Is Croatia Closing the Gap? Record Labor Cost Growth Puts It Near the Top of the EU
12/17/2025

The latest Eurostat data for the third quarter of 2025 confirm the continuation of a strong upward trend in labor costs in Croatia, positioning the domestic economy at the very top of the European Union.
While the average growth in labor costs at the eurozone level stands at a moderate 3.3 percent, and at the level of the entire Union at 3.7 percent, Croatia records a surge of a high 9.1 percent compared to the same period last year. This dynamic places us in third place in terms of growth speed, right behind Bulgaria and Lithuania, while neighboring Hungary is immediately behind us.
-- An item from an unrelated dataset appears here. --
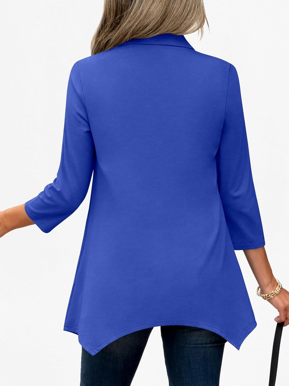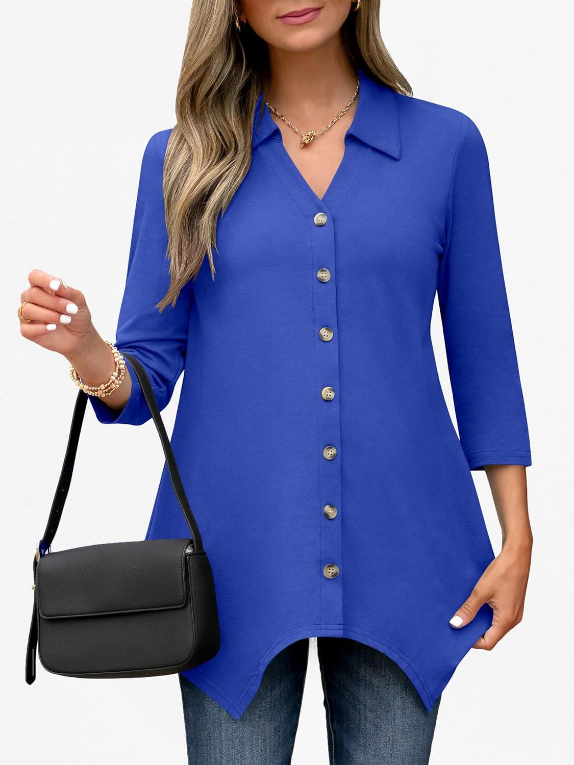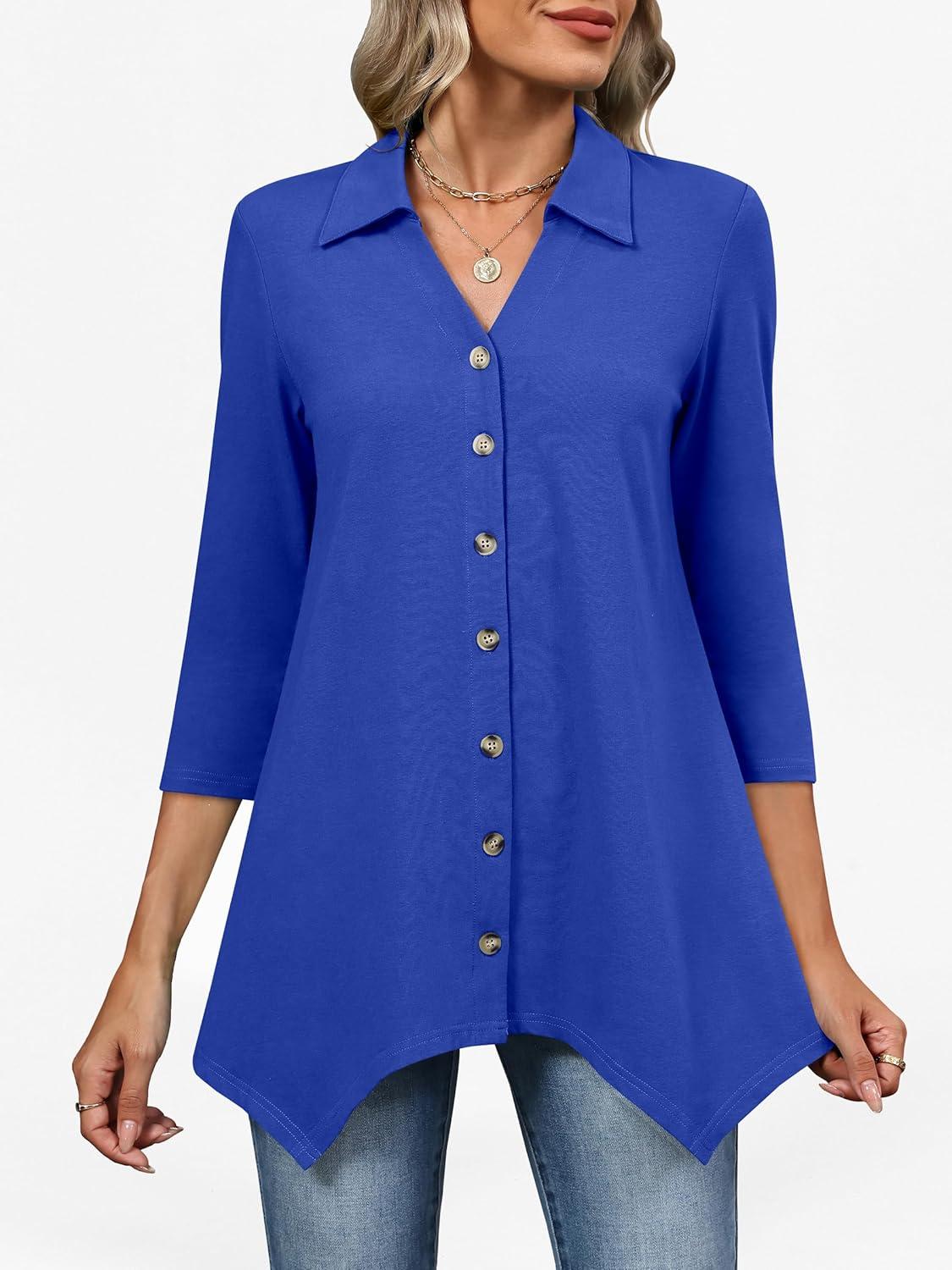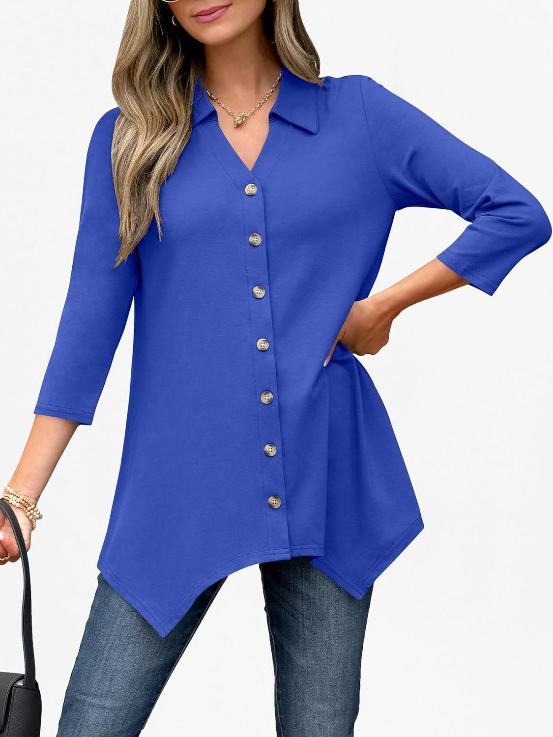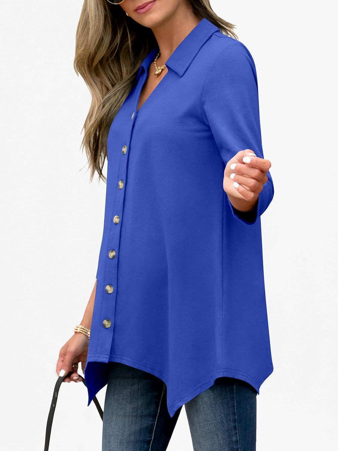 ANRABESS 3/4 Sleeve Tunic Tops for Women Lapel V Neck Button Down Shirts Business Dressy Casual Blouse with Asymmetrical Hem(Royal Blue)
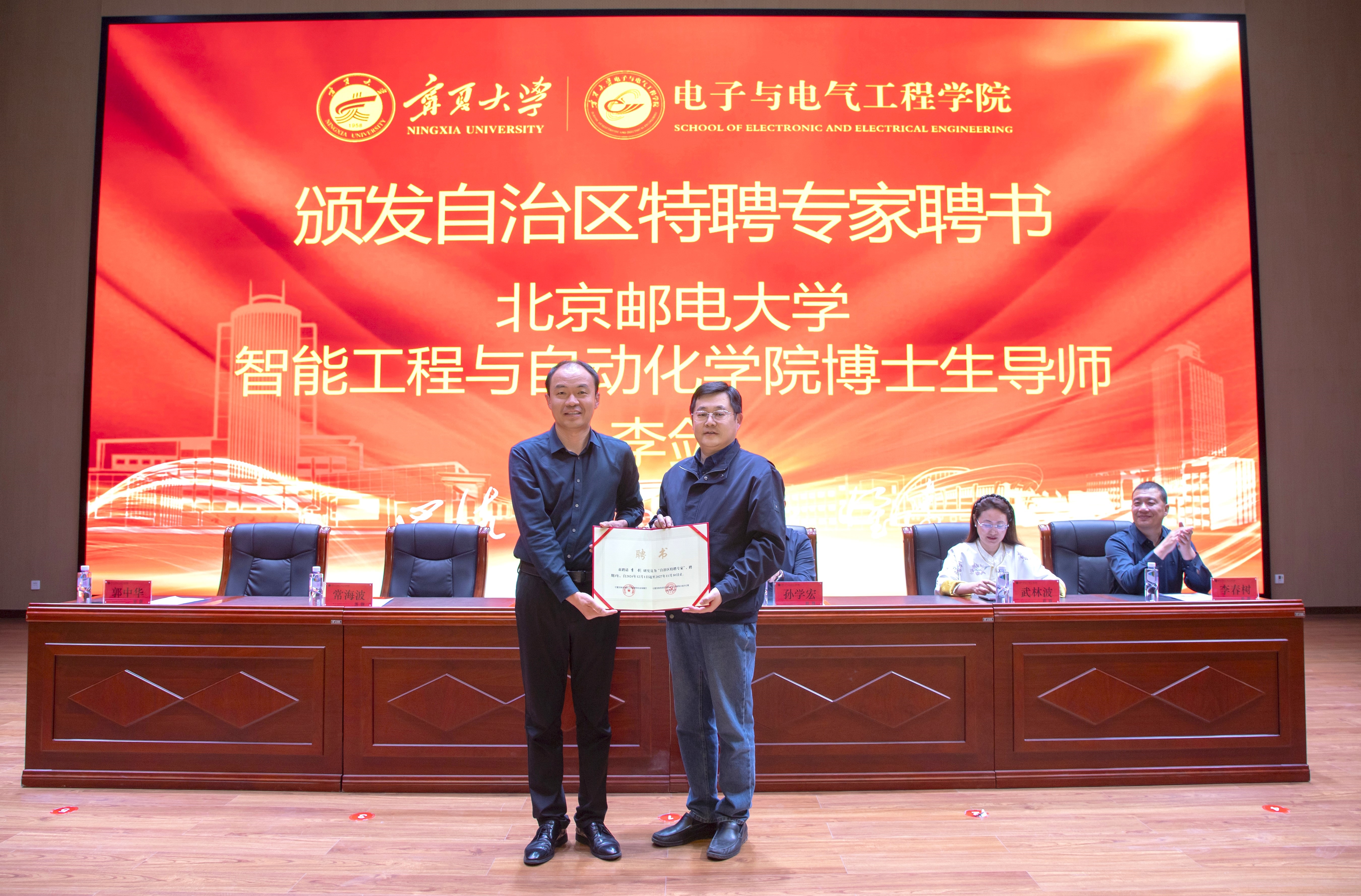 企业代表、宁夏电通物联网科技股份有限公司刘绍祥总经理结合自身从文科跨界科技领域的经历,强调了核心能力培养的重要性。他勉励同学们“立鸿鹄之志、秉求真之魂、修明德之品、持挑战之勇”,并表示将持续深化产学研合作,为学生搭建优质实践平台。校外研究生导师、北京邮电大学李剑教授寄语新生:要志存高远、勇于探索创新;脚踏实地、恪守学术诚信;注重多学科交叉融合,保持身心健康,在科研道路上不断砥砺前行。学院青年教师扈洁博士以校友与教师的双重身份,围绕“视野格局、自律选择、探索坚韧”三方面分享感悟,鼓励新生勇于突破舒适区,在试错中成长,并承诺全力支持学生学业发展。在校生代表王铭韬以“目标为灯塔、资源为风帆、试错为勇气”为关键词,分享成长经验。2025级研究生新生代表何若冰从“空档期”的思考出发,提出要“以空杯心态迎接挑战,以坚韧意志砥砺前行”,在知识边界上勇敢探索,共同书写精彩的学术篇章。本科新生代表豆海涛以纪念抗战胜利80周年阅兵中的科技装备为引,阐述了选择通信工程专业的初心,号召同学们将个人成长融入“网络强国”“数字中国”战略,勇担时代使命。

It is interesting to observe Croatia's position in relation to countries with which we have traditionally been economically and migrationally connected. The difference in growth dynamics is drastic. For example, Slovenia records one of the lowest growth rates in the entire Union at only 1.6 percent, while Austria stopped at 2.1 percent. Even Germany, which was considered the engine of growth for years, maintains a significantly slower pace of labor cost increases than the Croatian average. These data suggest that accelerated nominal convergence toward European standards is taking place in Croatia, but also that pressure on employers is rising incomparably faster than in the surrounding region.
Croatia's high position can be interpreted as a combination of several key factors, primarily a shortage of labor in almost all sectors, which forces employers to significantly increase compensation in order to retain existing employees and attract new ones. In addition, past waves of inflation also had a strong impact, prompting pressure for wage adjustments, as well as significant increases in the public sector that consequently affected dynamics in the private economy.
Although the nominal increase in labor costs may suggest a better standard of living for citizens, it also carries certain risks for competitiveness. While in more developed economies such as France or Italy growth remains below 2.5 percent, Croatian companies are facing enormous pressure on operating costs. The key question for the future remains whether this rapid wage growth will be accompanied by adequate productivity growth or whether it will turn into a burden that will slow investment. In any case, the current statistics clearly show that Croatia is in a phase of intensive labor market transformation the likes of which we have not seen in years.